Dataset records START
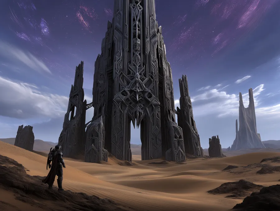 Fantasy,warrior,desert,gothic,alien,architecture,sci-fi,exploration,ancient,mystery,landscape,futuristic,dark,structure,epic
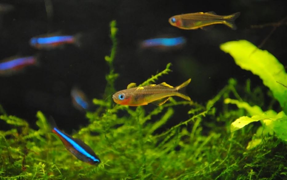 В качестве декоративных элементов используются различные коряги, камни и водная растительность. Это один из важнейших элементов, так как рыба должна иметь укромное место, где можно спрятаться в случае опасности. Без укрытия вся стая будет метаться по аквариуму при любом звуке или резком движении. В результате популяция может погибнуть.
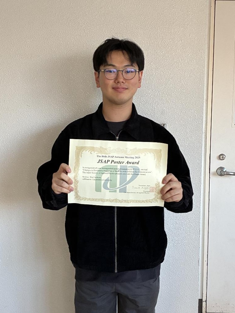 第86回応用物理学会秋季学術講演会にてB4藤倉が受賞しました。
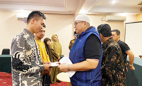 Didampingi oleh Ketua Tim Musabawah dan Seni Budaya Islam Kanwil Kemenag Afrizal, Andree juga menyerahkan dana motivasi kepada kafilah Sumatera Barat asal Kota Padang.
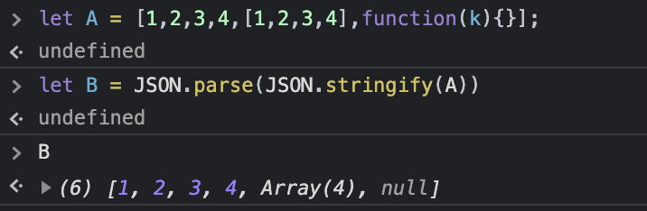 다음과 같이 배열 내에 함수를 선언했다면, 변환 과정에서 함수가 사라진다.
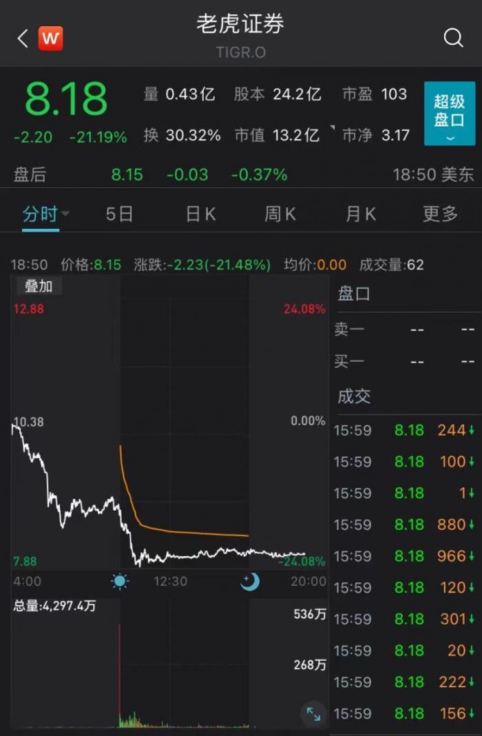 美东时间周四,美股全线上涨,中概券商股逆市大幅下挫,老虎证券跌超21%,富途控股跌逾12%,两者蒸发市值总计折合人民币超过110亿元。最新市值显示,富途总市值约107亿美元,老虎总市值约13亿美元。
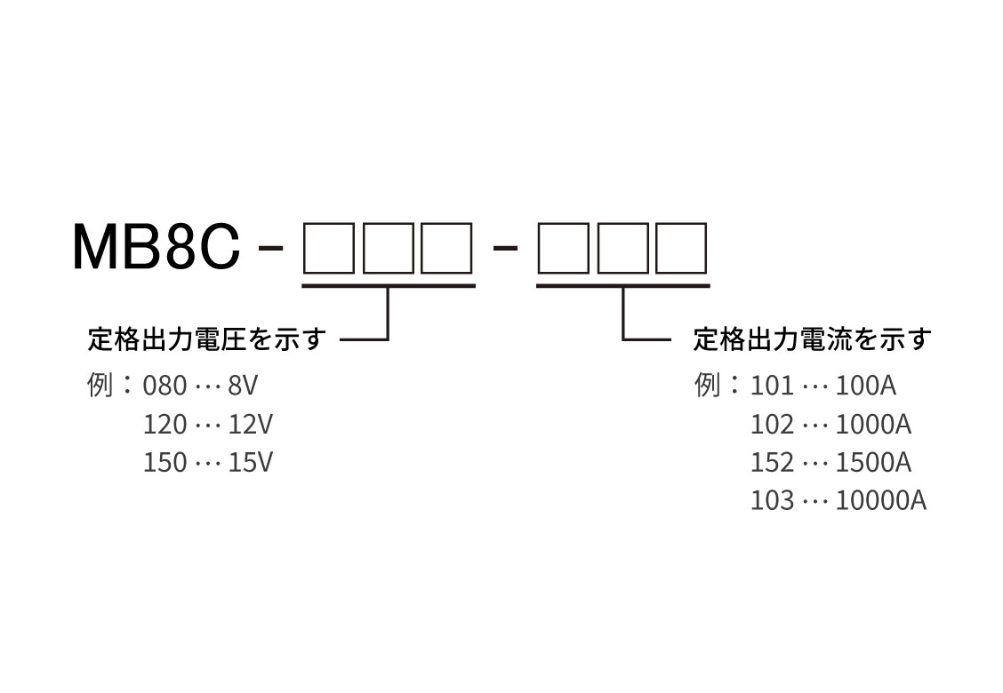 出力電圧は、6V、8V、10V、12V、15Vの5種類、出力電流は100A~10000Aまで13種類のワイドバリエーションです。15Vを超える機種も製作いたします。
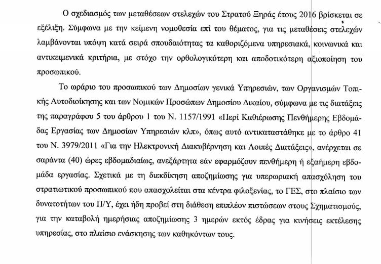 Επίσης για πρώτη φορά δίνεται έστω και συμβολικά αποζημίωση των στρατιωτικών με την μορφή οδοιπορικών για υπερωριακή αποζημίωση, στα κέντρα φιλοξενίας προσφύγων.
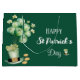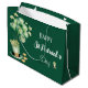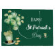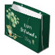 Happy St Patrick's Day large gift bag with Brunswick green balloons, shamrocks and a leprechaun hat and gold coins. A dark green background with white script lettering makes this perfect for St. Paddy's Day gift giving.
Dataset records END
§ **Task brief**
Write out each entry exactly as given, but skip the pictures.

§ **Problem solution**
 Fantasy,warrior,desert,gothic,alien,architecture,sci-fi,exploration,ancient,mystery,landscape,futuristic,dark,structure,epic
 В качестве декоративных элементов используются различные коряги, камни и водная растительность. Это один из важнейших элементов, так как рыба должна иметь укромное место, где можно спрятаться в случае опасности. Без укрытия вся стая будет метаться по аквариуму при любом звуке или резком движении. В результате популяция может погибнуть.
 第86回応用物理学会秋季学術講演会にてB4藤倉が受賞しました。
 Didampingi oleh Ketua Tim Musabawah dan Seni Budaya Islam Kanwil Kemenag Afrizal, Andree juga menyerahkan dana motivasi kepada kafilah Sumatera Barat asal Kota Padang.
 다음과 같이 배열 내에 함수를 선언했다면, 변환 과정에서 함수가 사라진다.
 美东时间周四,美股全线上涨,中概券商股逆市大幅下挫,老虎证券跌超21%,富途控股跌逾12%,两者蒸发市值总计折合人民币超过110亿元。最新市值显示,富途总市值约107亿美元,老虎总市值约13亿美元。
 出力電圧は、6V、8V、10V、12V、15Vの5種類、出力電流は100A~10000Aまで13種類のワイドバリエーションです。15Vを超える機種も製作いたします。
 Επίσης για πρώτη φορά δίνεται έστω και συμβολικά αποζημίωση των στρατιωτικών με την μορφή οδοιπορικών για υπερωριακή αποζημίωση, στα κέντρα φιλοξενίας προσφύγων.
 Happy St Patrick's Day large gift bag with Brunswick green balloons, shamrocks and a leprechaun hat and gold coins. A dark green background with white script lettering makes this perfect for St. Paddy's Day gift giving.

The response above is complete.